Copy of a Memorandum made byMr.Cowperon the Contract for the Calcutta Mails, after the receipt of the Report of Investigation byCaptainElliceandMr.Bond,and sent toLordAuckland.
“The contract for the Calcutta mails, from Southampton to Alexandria, expires on the 8th January, 1849. Two offers have been made for its renewal, one by the Peninsular and Oriental Company, for £27,500 the first year, and for sums diminishing by £500 a year for every subsequent year that the contract may remain in force. A new company, the India and Australia, offer to do the same service for £25,650; the sum now paid is £28,500.
“The Peninsular and Oriental Company accompanied their tender by an offer to pay over to the Government any earnings or profits they might receive beyond a maximum dividend of ten per cent. to the shareholders, after the customary allowances have been deducted for repairs, wear and tear, and sea risk of the vessels and property; and as a security, they offered to submit, from time to time, the accounts of all their transactions connected with the mail service, to the inspection of such competent persons as the Government may appoint.
“Captain Ellice and Mr. Bond were then requested to examine the accounts of this company before any decision was come to upon the tenders; and having had every facility afforded them, have made the accompanying report. From this it appears that the profits made upon the capital of the company, about equal ten per cent. as a total sum; but that after reserves for depreciation, repairs and insurance, and expenses of management, there has remained hitherto not more than eight per cent. for the shareholders. The question of how much of the earnings ought to be kept in reserve to meet depreciation, is so discretionary that I have no expectation that any company would ever admit that there was a surplus profit to be handed over to Government; and this report confirms my impression, that we ought not to make such an arrangement a part of the contract.
“But I think both the tenders too high, and that we ought to decline them both; and this we can do without irregularity, for they are not tenders called for absolutely, but only tenders ‘to treat.’
“If this be done, we should then make an offer on our part; and as the Peninsular and Oriental Company have performedtheir contract perfectly, and furnish every guarantee that can be desired for the regular execution of a future contract, I consider that we ought to make our offer to them only; and if they should refuse it, we might repeat it to the India and Australia Company.
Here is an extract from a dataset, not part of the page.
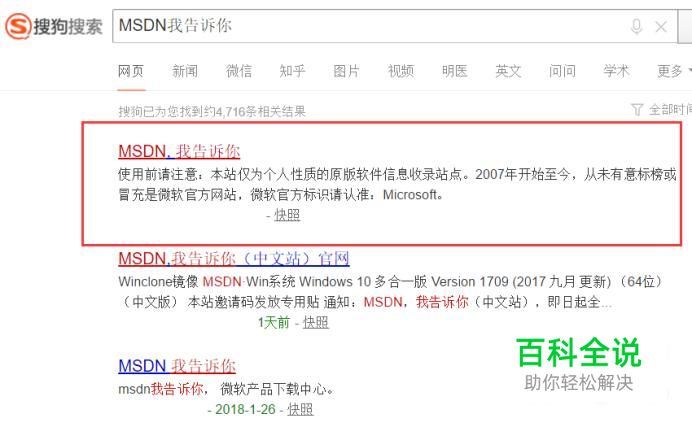 首先,请大家打开搜狗网站,搜索“MSDN我告诉你”网站,然后在搜索结果列表中,点击进入该网站。

“The mileage we pay them at present is estimated by the hydrographer at 8s. 01/4d. a mile and by the company at 7s. 91/2d. a mile (he measures the distance of the voyage out and back at 5,920 nautical miles, they at 6,084); but we pay the same company about 4s. 6d. a mile for the line to Lisbon and Gibraltar, and I think we are justified in offering the same payment for the Alexandria line. But in that case we must not tie them down as to size of vessels, for the lowness of the remuneration on the former line is explained by the contract not requiring the vessels to be more than 140-horse power.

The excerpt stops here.